Based on the phenomenon of aldosterone escape and the well-documented harmful effects of aldosterone on renal tissue, several randomized trials have studied the effects of a MRA in diabetic and non-diabetic nephropathy.

Method: This is a review of the literature in relevance to data evaluating the effect of MRA on renal outcomes.

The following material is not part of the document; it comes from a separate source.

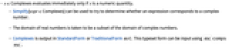 - Simplify[expr∈Complexes] can be used to try to determine whether an expression corresponds to a complex number.

Results: Studies with spironolactone and eplerenone added to single RAS-blockade showed that these agents are associated with greater reductions in urine albumin or protein excretion compared to either placebo or dual RASblockade. However, studies with these agents on hard renal outcomes are currently missing and the reasonable skepticism of physicians on the real-world incidence of hyperkalemia in CKD patients are limiting their use. A non-steroidal MRA, finerenone, has also great potency in decreasing albuminuria in diabetic nephropathy with possibly lower rates of hyperkalemia. Two multi-center clinical trials examining the effect of finerenone on hard cardiovascular and renal outcomes are currently ongoing.

Conclusion: MRAs are able to reduce albuminuria and proteinuria on top of single RAS-blockade in patients with proteinuric CKD. Ongoing clinical trials are expected to clarify whether such an effect is accompanied by delay in CKD progression.

Keywords: Chronic kidney disease, mineralocorticoid receptor antagonist, albuminuria, proteinuria, spironolactone, eplerenone, finerenone.